─── Material provided ───
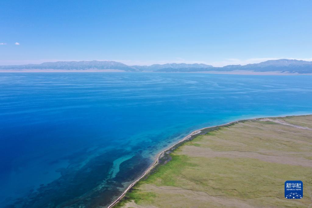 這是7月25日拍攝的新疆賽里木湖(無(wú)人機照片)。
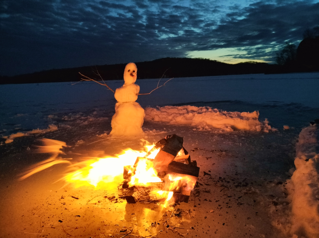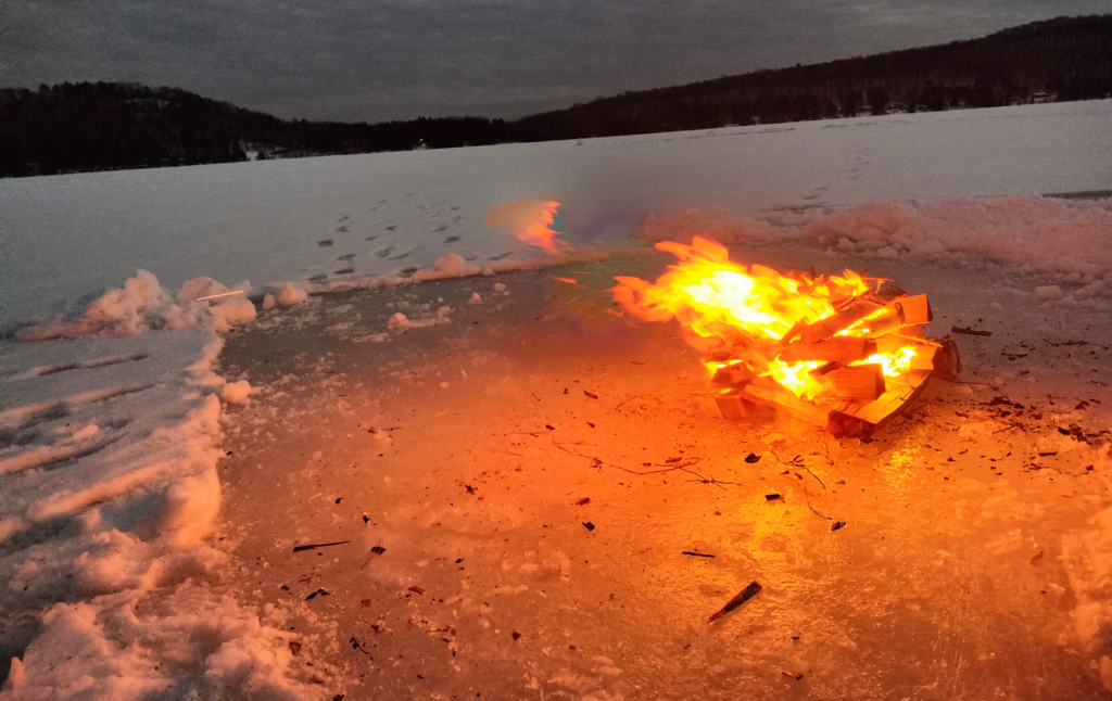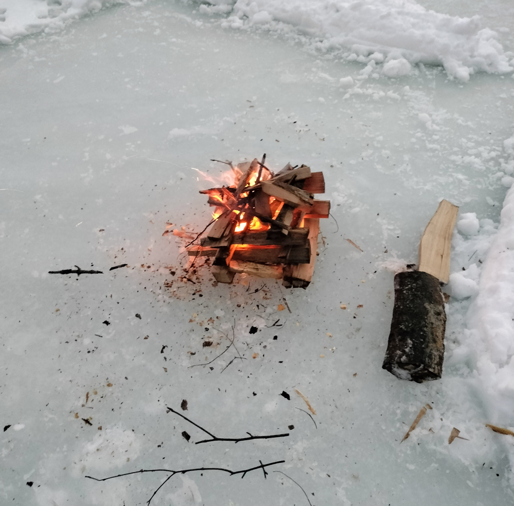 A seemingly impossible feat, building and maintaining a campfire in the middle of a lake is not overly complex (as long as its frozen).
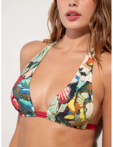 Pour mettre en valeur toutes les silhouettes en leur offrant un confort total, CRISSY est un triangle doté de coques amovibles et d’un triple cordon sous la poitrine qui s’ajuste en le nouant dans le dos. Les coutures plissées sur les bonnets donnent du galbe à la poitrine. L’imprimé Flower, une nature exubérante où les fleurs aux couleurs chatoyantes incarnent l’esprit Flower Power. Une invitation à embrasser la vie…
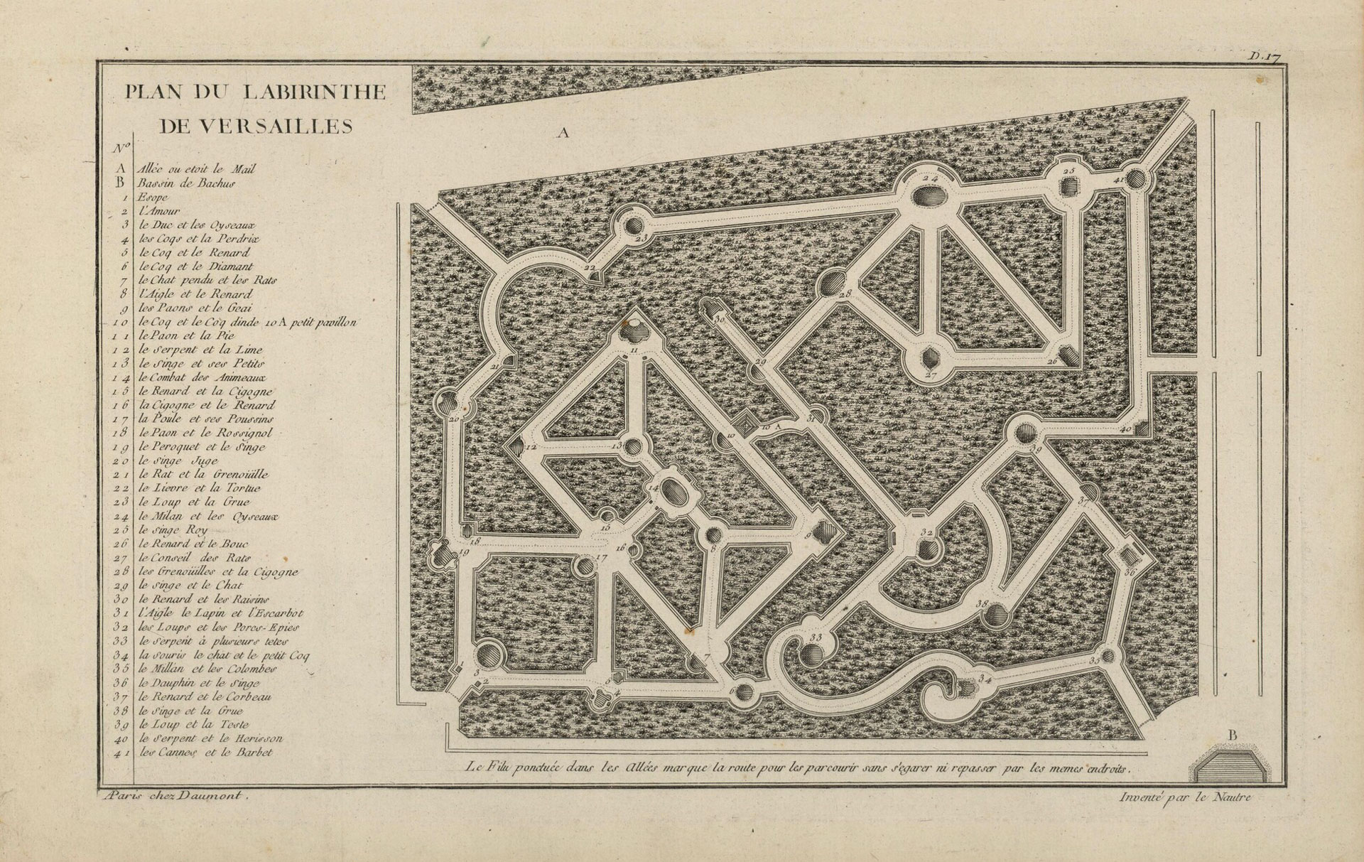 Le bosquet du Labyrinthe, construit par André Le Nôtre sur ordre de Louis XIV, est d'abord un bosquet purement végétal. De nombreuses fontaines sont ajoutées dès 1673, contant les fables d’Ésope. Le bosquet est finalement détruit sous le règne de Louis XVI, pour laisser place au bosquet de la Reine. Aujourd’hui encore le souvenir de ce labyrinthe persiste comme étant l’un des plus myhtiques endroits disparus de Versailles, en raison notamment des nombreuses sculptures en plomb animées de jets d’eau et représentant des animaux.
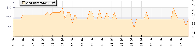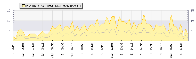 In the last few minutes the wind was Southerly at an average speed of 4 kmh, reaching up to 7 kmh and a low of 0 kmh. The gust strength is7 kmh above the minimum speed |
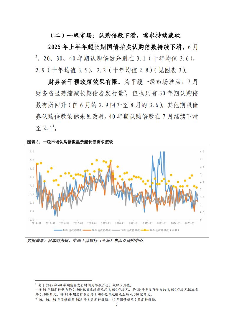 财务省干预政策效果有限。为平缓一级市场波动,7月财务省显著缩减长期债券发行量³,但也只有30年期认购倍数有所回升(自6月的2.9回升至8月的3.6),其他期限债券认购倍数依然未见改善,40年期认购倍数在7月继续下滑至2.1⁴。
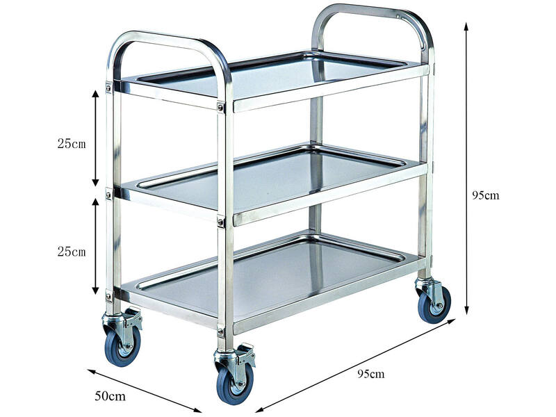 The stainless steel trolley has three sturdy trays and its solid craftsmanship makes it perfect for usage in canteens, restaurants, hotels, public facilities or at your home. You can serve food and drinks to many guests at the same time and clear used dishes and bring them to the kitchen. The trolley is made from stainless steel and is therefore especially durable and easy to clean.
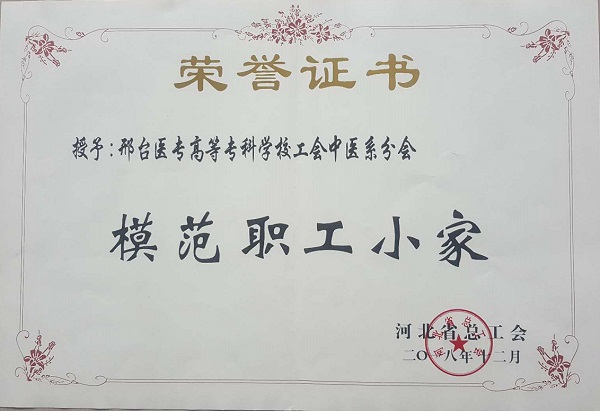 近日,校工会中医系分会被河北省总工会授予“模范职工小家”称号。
───
The response should repeat every entry above exactly and include none of the pictures.

 這是7月25日拍攝的新疆賽里木湖(無(wú)人機照片)。
 A seemingly impossible feat, building and maintaining a campfire in the middle of a lake is not overly complex (as long as its frozen).
 Pour mettre en valeur toutes les silhouettes en leur offrant un confort total, CRISSY est un triangle doté de coques amovibles et d’un triple cordon sous la poitrine qui s’ajuste en le nouant dans le dos. Les coutures plissées sur les bonnets donnent du galbe à la poitrine. L’imprimé Flower, une nature exubérante où les fleurs aux couleurs chatoyantes incarnent l’esprit Flower Power. Une invitation à embrasser la vie…
 Le bosquet du Labyrinthe, construit par André Le Nôtre sur ordre de Louis XIV, est d'abord un bosquet purement végétal. De nombreuses fontaines sont ajoutées dès 1673, contant les fables d’Ésope. Le bosquet est finalement détruit sous le règne de Louis XVI, pour laisser place au bosquet de la Reine. Aujourd’hui encore le souvenir de ce labyrinthe persiste comme étant l’un des plus myhtiques endroits disparus de Versailles, en raison notamment des nombreuses sculptures en plomb animées de jets d’eau et représentant des animaux.
 In the last few minutes the wind was Southerly at an average speed of 4 kmh, reaching up to 7 kmh and a low of 0 kmh. The gust strength is7 kmh above the minimum speed |
 财务省干预政策效果有限。为平缓一级市场波动,7月财务省显著缩减长期债券发行量³,但也只有30年期认购倍数有所回升(自6月的2.9回升至8月的3.6),其他期限债券认购倍数依然未见改善,40年期认购倍数在7月继续下滑至2.1⁴。
 The stainless steel trolley has three sturdy trays and its solid craftsmanship makes it perfect for usage in canteens, restaurants, hotels, public facilities or at your home. You can serve food and drinks to many guests at the same time and clear used dishes and bring them to the kitchen. The trolley is made from stainless steel and is therefore especially durable and easy to clean.
 近日,校工会中医系分会被河北省总工会授予“模范职工小家”称号。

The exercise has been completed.